Myeloid suppressor cell levels return to normal in CD1-deficient mice after removal of primary tumor. MSC accumulate in some tumor-bearing patients and animals and are potent inhibitors of cell-mediated, tumor-specific immunity (19–23). These cells are immature cells that are in the process of differentiating into mature granulocytes, dendritic cells, or macrophages and are identified by their expression of Gr1 and CD11b. We have previously found that 4T1 tumor progression is associated with the accumulation of MSC (25). To determine if the resistance of CD1^–/– mice is related to MSC activity, MSC levels were measured in tumor-bearing CD1^–/– and CD1-competent mice. CD1^–/– and wild-type BALB/c mice were inoculated with 4T1 tumor cells, and splenocytes were harvested 30 to 39 days later and analyzed for CD11b⁺ Gr1⁺ cells (tumor diameter at surgery: BALB/c, 6.05 ± 0.75 mm; CD1^–/–, 6.38 ± 0.8 mm). Tumor-free BALB/c and CD1^–/– mice have <8% splenic MSC, whereas tumor-bearing (non-surgery) mice have elevated levels of MSC (Fig. 2A; BALB/c, 23 ± 11%; CD1^–/–, 26 ± 5%). Therefore, non-surgery CD1^–/– and CD1-competent mice both have elevated levels of MSC relative to tumor-free mice.
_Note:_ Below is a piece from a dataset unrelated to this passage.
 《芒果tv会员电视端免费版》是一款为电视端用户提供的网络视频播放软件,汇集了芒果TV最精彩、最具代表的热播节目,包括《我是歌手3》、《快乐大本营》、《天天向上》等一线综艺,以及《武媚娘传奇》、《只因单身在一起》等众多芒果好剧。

View larger version (25K): [in this window] [in a new window] [Download PPT slide]   Figure 2. Splenic MSC levels return to baseline after removal of primary tumor from CD1–/– mice. BALB/c or CD1–/– (A and B) or RAG–/– (C) mice were inoculated on day 0 with 4T1 tumor cells, and primary tumors were left in place (non-surgery groups) or removed on day 28 (post-surgery groups). Tumor-free groups were not given 4T1. On day 38, lungs and spleens were harvested, splenocytes were labeled with Gr1-PE and CD11b-FITC to determine percent MSC (A and C), and the number of metastatic cells in the lungs were quantified by the clonogenic assay (B). , individual mouse. Numbers in brackets, number of mice per group. Dotted lines, maximum amount of MSC in tumor-free mice (<8%). From two independent experiments. *, statistically significantly different from each other. **, P < 0.05, statistically significantly different from each other.
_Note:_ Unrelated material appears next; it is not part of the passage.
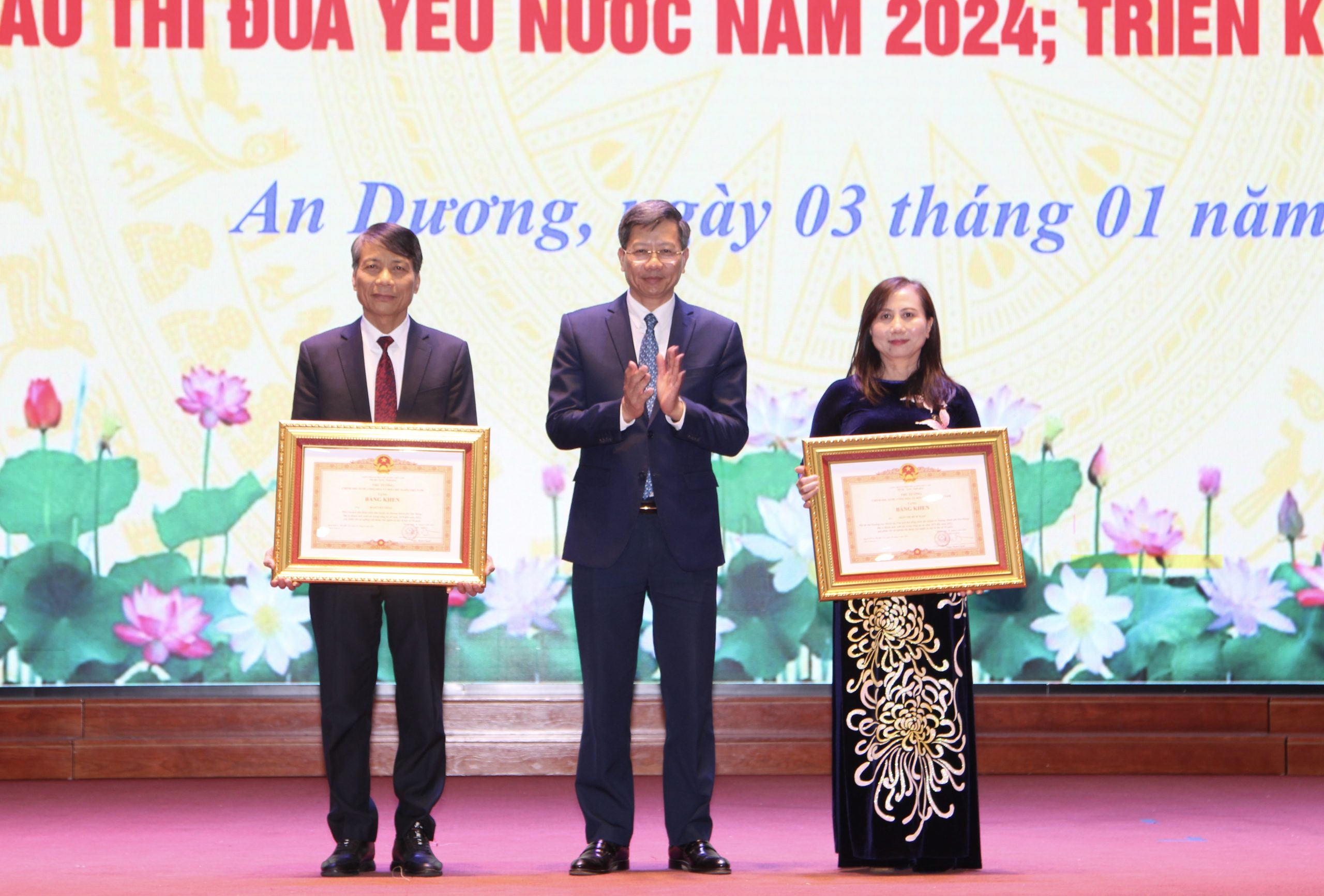 Nhân dịp này, Trường Mầm non An Dương vinh dự đón nhận Huân chương Lao động Hạng Nhất; Trường THCS An Dương đón nhận Huân chương Lao động Hạng Nhì. Các đồng chí Trần Thị Bích Ngọc, Phó Bí thư Thường trực Quận ủy, Chủ tịch HĐND quận; Hoài Viết Thảo, Phó Chủ tịch HĐND quận được nhận Bằng khen của Thủ tướng Chính phủ. 03 tập thể được nhận Cờ thi đua của UBND thành phố; 9 tập thể được nhận Danh hiệu tập thể Lao động xuất sắc; nhiều tập thể, cá nhân được nhận Bằng khen của Chủ tịch UBND thành phố. UBND quận biểu dương, khen thưởng 8 tập thể có thành tích xuất sắc trong thực hiện các phong trào thi đua./.

The accumulation of MSC is most likely driven by tumor-secreted factors (37). Therefore, the decrease of MSC in post-surgery CD1^–/– mice may be due to less metastatic disease in the CD1^–/– versus wild-type mice. To test this hypothesis, we plotted the number of metastatic cells versus the percentage of MSC for individual post-surgery mice (Fig. 2B; similar results were obtained for mice with >35% MSC; data not shown). Both BALB/c and CD1^–/– mice have extensive metastatic disease, and there is no correlation between percentage of MSC and the number of metastatic cells. Therefore, the decrease in MSC in post-surgery CD1^–/– mice is independent of metastatic disease.

Lymphocytes may also play a role in driving MSC levels. To determine if lymphocytes are involved, splenic MSC levels were determined for BALB/c RAG^–/– mice inoculated with 4T1 according to the schedule in Fig. 2A (tumor diameter: non-surgery, 5.07 ± 1.2 mm; post-surgery, 5.57 ± 0.95 mm). Likewise, tumor diameter of non-surgery RAG^–/–, BALB/c, and CD1^–/– mice were similar when MSC levels were measured (RAG^–/–, 9.3 ± 1.5 mm; BALB/c, 9.5 ± 0.73; CD1^–/–, 10.24 ± 1.10). The baseline level of Gr1⁺CD11b⁺ splenocytes in tumor-free RAG^–/– mice is <8%, whereas non-surgery RAG^–/– mice have significantly (P < 0.01) more MSC than BALB/c or CD1^–/– mice (Fig. 2; RAG^–/– MSC, 51.8 ± 6%). After surgery, MSC in RAG^–/– mice remain significantly higher than in BALB/c or CD1^–/– mice (P < 0.01).

To determine if CD4⁺ and/or CD8⁺ T cells are involved in resistance, post-surgery CD1^–/– mice were in vivo depleted for CD4⁺ or CD8⁺ T cells or treated with irrelevant antibodies. Both CD4⁺ and CD8⁺ T cells are required for tumor resistance because 100% of CD4-depleted (three of three) and 80% of CD8-depleted (four of five) post-surgery CD1^–/– mice but none of the irrelevant antibody treated mice (three of three) die. Therefore, lymphoid cells are essential for tumor rejection and may reduce MSC in post-surgery BALB/c and CD1^–/– and mice.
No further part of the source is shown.